Distortion in the three-dimensional relation in laryngeal structures caused higher level of obstruction from expected in CGW case: When we forced CGW case to breathe similar flow as a healthy individual, effective area dropped up to 56 % in the subglottis and 65 % in the supraglottis. This phenomenon was actually met, but could not be explained in many studies before. Saarinen et al. investigated airflow dynamics with spirometry and body plethysmography after VF augmentation in unilateral VF paralysis [9]. They found that medialization caused a decrease in the peak inspiratory flow. However, Cormier et al. found improved maximal expiratory flow after intracordal Teflon injection [10]. Some other studies also reported some levels of change in spirometer parameters after vocal fold medialization, although patients rejected any level of dyspnea after surgery [11]. Therefore, these studies showed a change in the airflow due to VF paralysis or medialization, but were unable to relate this finding to the distortion in 3D laryngeal geometry.

The main shortcomings of our study are that our CFD models assumed rigid walls, and neglected the upper and lower airways.
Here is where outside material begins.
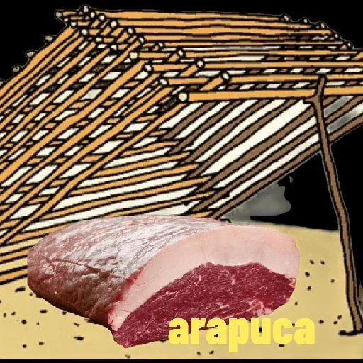 A raw meat cut with a knife next to it, under a barbecue grill. The word 'arapuca' appears in yellow at the bottom.

Clinical observations and experimental evidence indicate that the larynx and vocal folds may move actively during respiration [1, 2]. Therefore, we cannot estimate the influence of neuronal control during forced respiration and the effect of nasal and pharyngeal anatomy on airflow. In addition, retrospective nature of the study hinders us from estimating the possible influence of anthropometric variability of subjects on our calculations. Neck fat tissue distribution is related to body weight and height and has been shown to effect retroglossal and retropalatal airway volume [12]. However, normative data of laryngotracheal dimensions and shape are shown to be related to age (as being an adult or child) and sex [13]. We chose a CC from the same gender with CGW case, as we are studying in laryngeal conduit that has a cartilage skeleton. Body height and weight should have negligible effect on laryngeal conduit, if any.

The results are derived using the laryngeal geometry of a single case and a control. CFD experiments can be quite time-consuming depending on the method of 3D model construction, mesh generation, grid number, time increment, and the processing capacity of the computer environment. We did not use commercial image-based engineering programs to build 3D models, which might decrease model generation time. Six cycles of time varying simulation of respiration, in a 133,920 node mesh, took around 12 h with a 32-core, 3.0-GHz CPU workstation. Specialization in fluid dynamics is required during mesh generation and parameter selections for CFD software. Therefore, further experience and development in computer and software technology with validation of results are required until routine utilization of CFD calculations in the evaluation of dyspneic patient and/or surgical design.

Conclusion

A key contribution of this study is the description of the physical properties of the larynx as an organ of respiration. The computerized model helps us to illustrate the events when a subject breathes forcefully, as when during spirometry. Furthermore, it brings forward the phenomenon that the effective cross-sectional area of the flow conduit may be diminished due to separation of flow from the boundary layer and resultant vortex structures. We hope that this study will provide a new perspective in understanding and treating glottic obstruction. Therefore, we encourage researchers, including ourselves, to utilize and improve CFD models for providing better healthcare to patients with dyspnea.